The right side numbers bug did not get (maybe) resolved until later, so it is still in B61

The top of this file contains entries that may fix the right side numbers bug:

06/16/2012 12:50 AM 7,142,087 B54_1234with-AllCombosOfRtSide.json

_End_Of_Message_And_End_OfFile-> ->

stenoknight commented 12 years ago

From the Launchpad site (for Eclipse-formatted dictionaries):

A list of (Vim-flavored) regular expressions that will convert a dictionary exported in rtf/cre format into Python dictionary format. Ideally this should be turned into a simple script that new users can run on their dictionaries without prior knowledge of regular expressions. This has only been fully tested with rtf/cre dictionaries exported by Eclipse. Additional formatting is probably necessary for rtf/cre files exported from CAT software other than Eclipse. More testing is required. Note that Plover currently supports two types of steno dictionary: Eclipse format, where hyphens are only made explicit when necessary, and DigitalCAT format, where all hyphens are explicit. Default format is Eclipse, so if you are importing a DigitalCAT dictionary, change the format in Plover's .config file.


escape backslashes

%s/\/\/g

escape "

%s/"/\"/g

convert double spaces to single spaces

%s/ / /g

Remove lines with court reporter-specific paragraphing commands (this is drastic, but they cause no end of trouble. Will maybe try to support them

to some degree in a later version.)

%s/^.{$}.$\n// %s/^.\par\.$\n//

Convert steno half of entry to Python format

%s/{\.\cxs ([^}]+)}/"\1": /

Get rid of any lines that don't start with quotes. (i.e., more court reporting formatting residue)

%s/^[^"].*$\n//

Convert infixes.

%s/: \cxds (.*)\cxds/: {^\1^}/

Convert suffixes.

%s/: \cxds (.*)/: {^\1}/

Convert prefixes.

%s/: (.*)\cxds/: {\1^}/

Delete "force uncap" command (caption-specific command that Plover doesn't need to implement now, if ever.)

%s/{l1}//g %s/{l0}//g

Delete \cxp, the punctuation marker, since Plover recognizes specific punctuation marks independently.

%s/\cxp//g

Convert glue strokes.

%s/\cxfing /&/g

Convert "cap next" strokes.

%s/\cxfc /-|/g

Convert "stitch" strokes to suffix with hyphen.

%s/{\cxstit /{^-/

Search for other cx strokes and deal with them manually.

/cx

Delete spaces at ends of line.

%s/ \n/^M/g - (don't type in the ^M; do control-q, then control-m, and what will display is ^M)

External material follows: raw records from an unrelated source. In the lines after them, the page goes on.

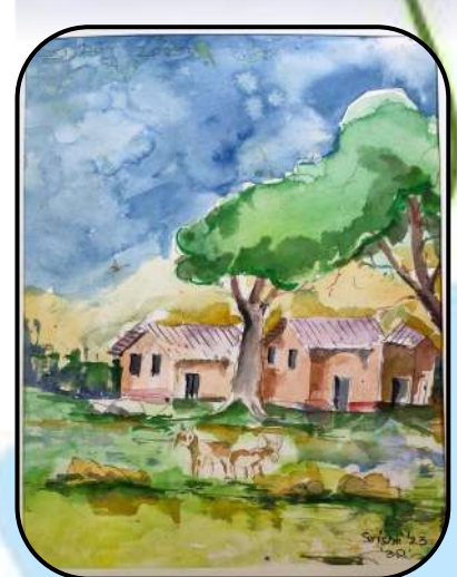
SRISHTI - III D
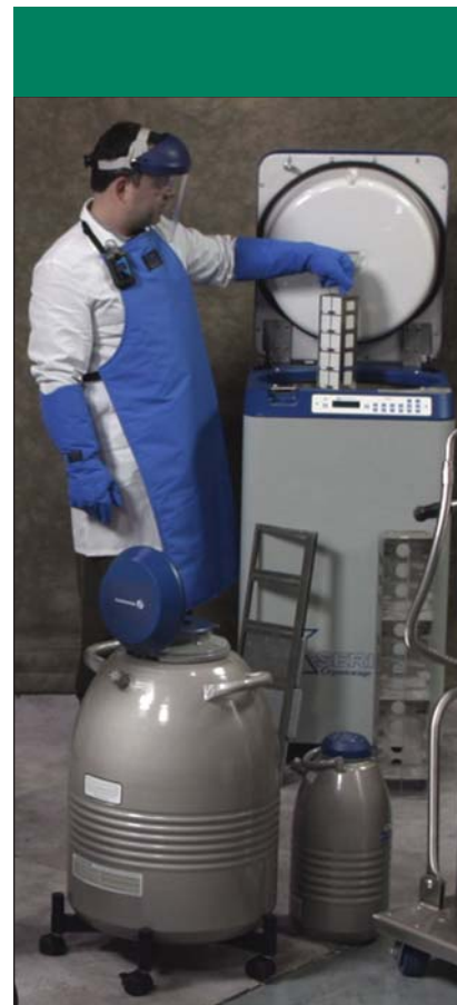
Figure 3: Laboratory workers who handle cryogens must wear insulated gloves, gowns, safety glasses, and face shields to prevent injury to the face and eyes.

Enforce the "dress code:" Require personnel to wear suitable protective clothing, including gloves, eye protection, and face protection. Keep in mind that a face shield alone is not adequate
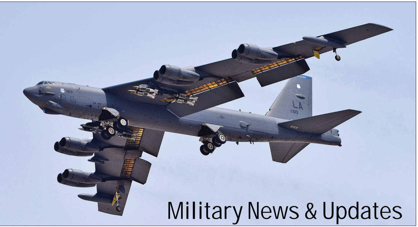
The B-52H Stratofortress, 61-0013/LA, assigned to the 69th Expeditionary Bomb Squadron, normally asigned to the 20th BS based at Barksdale AFB (LA), operating out of Al Udeid Air Base (Qatar) became the first B-52 in the U.S. Air Force to employ the conventional rotary launcher upgrade in combat operations on 18 November 2017. The upgrade enables a bomber to carry eight additional smart munitions inside its bomb bay, in addition to those that are carried on the wings as visible on the photo made by Taff Evans on 26 July 2017 at Al Udeid.
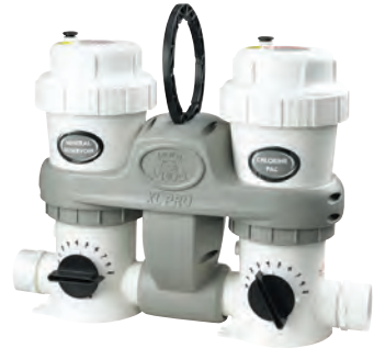
XL PRO System with X-tended Pac Life up to 40,000 Gallons
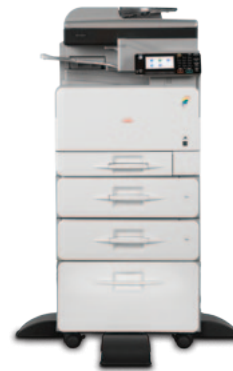
MP C305 with two optional PB1050 Paper Trays
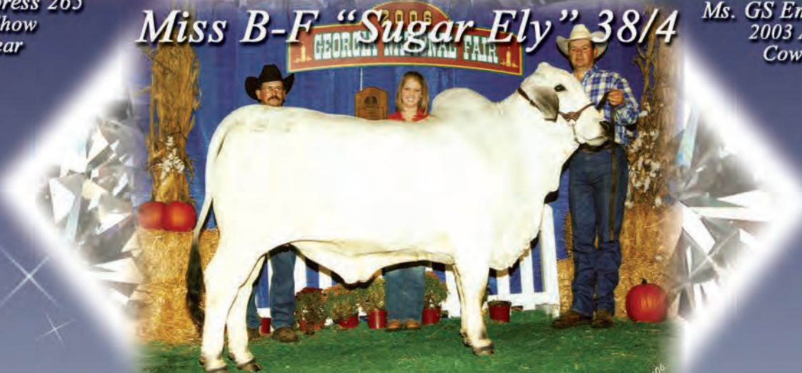
2007 ABBA Show Cow of the Year
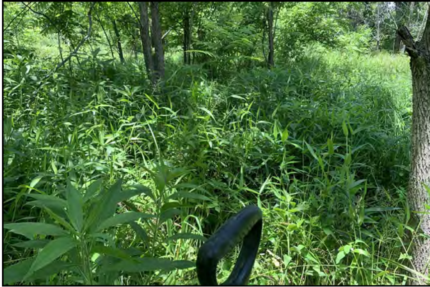
dp710, View Looking North
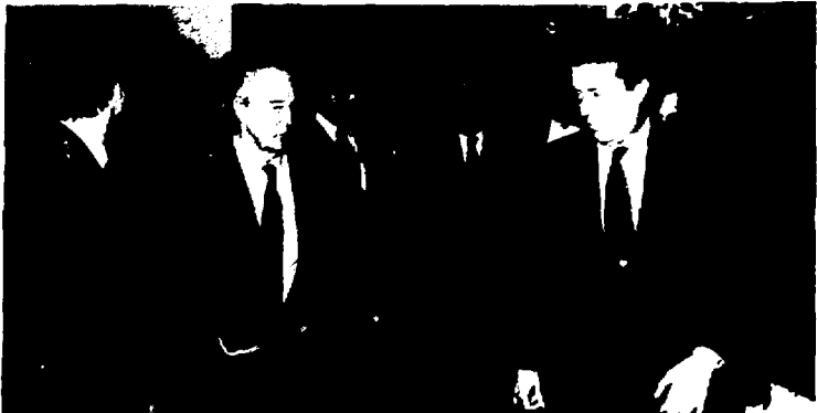
French Foreign Minister Roland Dumas and German Foreign Minister Klaus Kinkel accompany the Secretary-General into the UNESCO building with its Director-General, Federico Mayor, for the Paris Signing Ceremony of the Chemical Weapons Convention, 13-15 January 1993.

With respect to old chemical weapons and abandoned chemical weapons, each State party is to declare whether it has any on its territory or on the territory of other States and is to provide information on them.
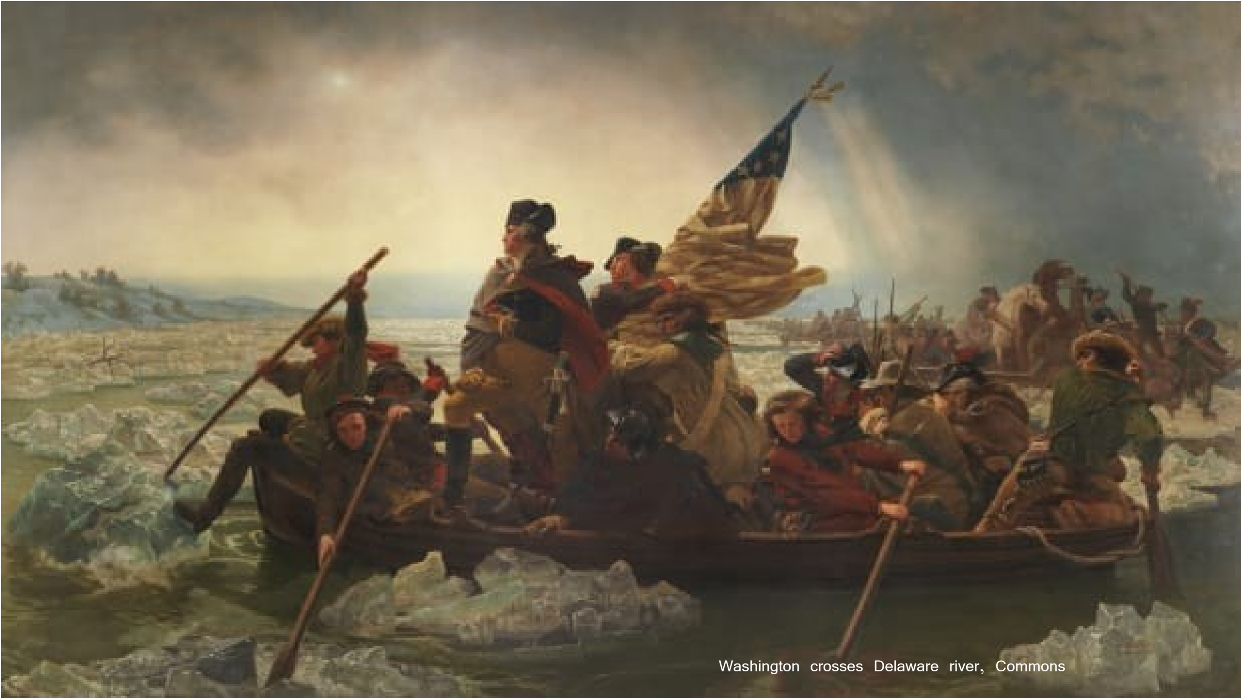
Washington crosses Delaware river
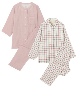
Pajamas (U.P. $59.00 - $69.00)
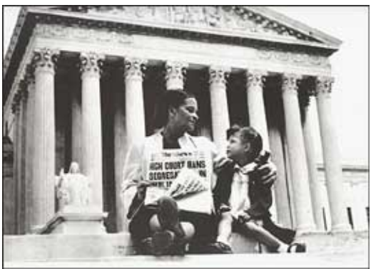
Celebrating Brown v. Board.
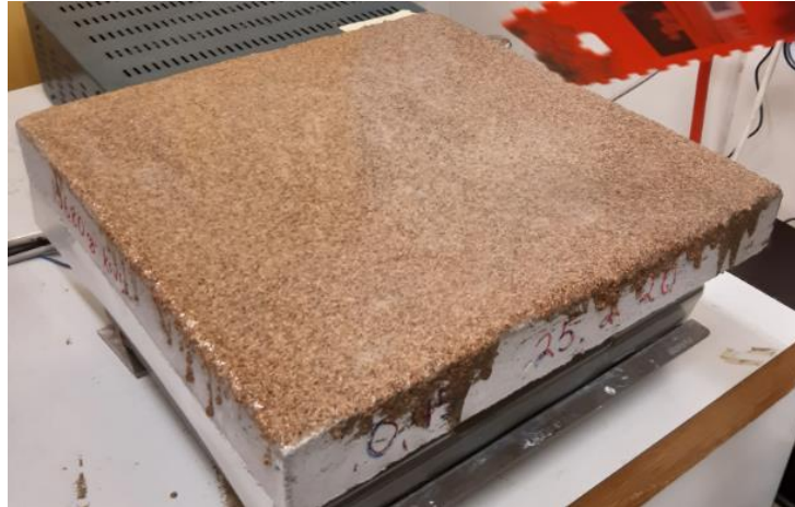
Figure 3. The concrete slab after coating of Ambienta Magic Part 1, 2 and Cork granules.
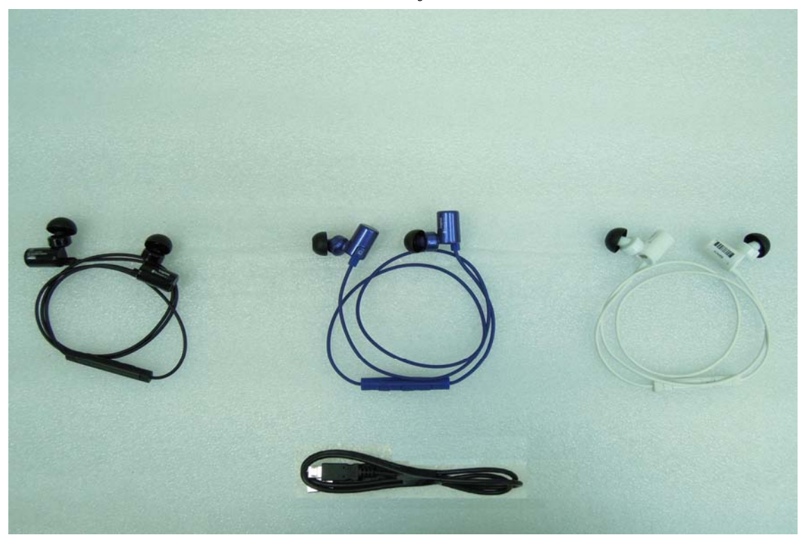
Front View of EUT – 1 (Model: LBT-HP06BK, BSH-150)

Convert other half of entries.

:%s/^"([-A-Z0-9\/]+)": (.)$/"\1": "\2",

Put in curly brackets at beginning and end of dictionary

I'm sure there's a way to do this automatically, but I just did it manually.

You can find a ~9 mb zip file containing several unconverted dictionaries in rtf format and a few converted dictionaries in json format as well, in both Eclipse (only necessary hyphens explicit) and DigitalCAT (all hyphens explicit) flavors of steno here:

http://stenoknight.com/plover/ploverdicts.zip

The DigitalCAT dictionaries will require much more weeding, since they have extra metadata that the regular expressions in the launchpad blueprint doesn't account for. Stuff like dictentrydate, which we can just cut out completely, and conflicts, which will require the sacrifice of the entry, since Plover doesn't support conflict differentiation (nor will it ever, if I have anything to say about it). Basically anything starting with cx is steno-specific metadata.

balshetzer commented 11 years ago

I thought I'd put a reference here to the rtf cre spec: http://www.legalxml.org/workgroups/substantive/transcripts/cre-spec.htm

balshetzer commented 11 years ago

I ran my script on the dictionaries in the zip file and it ran int some problems with ab-digitalcat-0528.rtf because it had something in it that wasn't legal RTF. I took a look and that part of the file didn't make sense. Is it possible that there was some kind of copy paste change in that file or is it as it was on export?

balshetzer commented 11 years ago

Plover now supports RTF dictionaries natively.